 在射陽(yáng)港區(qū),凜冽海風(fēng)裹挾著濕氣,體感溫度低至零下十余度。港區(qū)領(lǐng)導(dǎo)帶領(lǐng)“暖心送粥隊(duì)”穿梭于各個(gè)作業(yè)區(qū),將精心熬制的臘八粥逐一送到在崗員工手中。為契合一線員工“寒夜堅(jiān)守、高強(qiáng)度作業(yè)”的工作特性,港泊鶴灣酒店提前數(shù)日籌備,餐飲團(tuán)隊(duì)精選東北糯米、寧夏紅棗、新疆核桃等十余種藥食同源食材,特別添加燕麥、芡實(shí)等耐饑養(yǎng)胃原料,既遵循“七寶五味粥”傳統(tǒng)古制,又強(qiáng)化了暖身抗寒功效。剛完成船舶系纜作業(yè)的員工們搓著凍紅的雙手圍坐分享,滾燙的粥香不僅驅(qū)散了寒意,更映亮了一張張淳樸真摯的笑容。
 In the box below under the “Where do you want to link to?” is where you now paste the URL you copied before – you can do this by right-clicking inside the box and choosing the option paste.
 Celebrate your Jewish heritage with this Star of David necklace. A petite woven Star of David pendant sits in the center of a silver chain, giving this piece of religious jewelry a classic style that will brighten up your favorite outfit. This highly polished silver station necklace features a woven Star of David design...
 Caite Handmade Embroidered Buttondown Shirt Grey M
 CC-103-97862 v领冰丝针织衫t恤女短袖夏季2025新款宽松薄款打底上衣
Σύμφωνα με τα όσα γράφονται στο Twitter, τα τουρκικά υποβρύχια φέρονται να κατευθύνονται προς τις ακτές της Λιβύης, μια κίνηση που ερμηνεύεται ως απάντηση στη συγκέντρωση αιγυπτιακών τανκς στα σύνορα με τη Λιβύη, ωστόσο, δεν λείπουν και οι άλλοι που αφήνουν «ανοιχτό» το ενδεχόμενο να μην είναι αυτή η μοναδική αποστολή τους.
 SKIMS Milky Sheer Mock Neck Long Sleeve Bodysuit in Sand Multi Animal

--------------------

- [Assigned task] No line before the one containing "Caite Handmade Embroidered" should be copied; restate that line and all the rest through the end of the data above word for word.

- [Written reply]
 Caite Handmade Embroidered Buttondown Shirt Grey M
 CC-103-97862 v领冰丝针织衫t恤女短袖夏季2025新款宽松薄款打底上衣
Σύμφωνα με τα όσα γράφονται στο Twitter, τα τουρκικά υποβρύχια φέρονται να κατευθύνονται προς τις ακτές της Λιβύης, μια κίνηση που ερμηνεύεται ως απάντηση στη συγκέντρωση αιγυπτιακών τανκς στα σύνορα με τη Λιβύη, ωστόσο, δεν λείπουν και οι άλλοι που αφήνουν «ανοιχτό» το ενδεχόμενο να μην είναι αυτή η μοναδική αποστολή τους.
 SKIMS Milky Sheer Mock Neck Long Sleeve Bodysuit in Sand Multi Animal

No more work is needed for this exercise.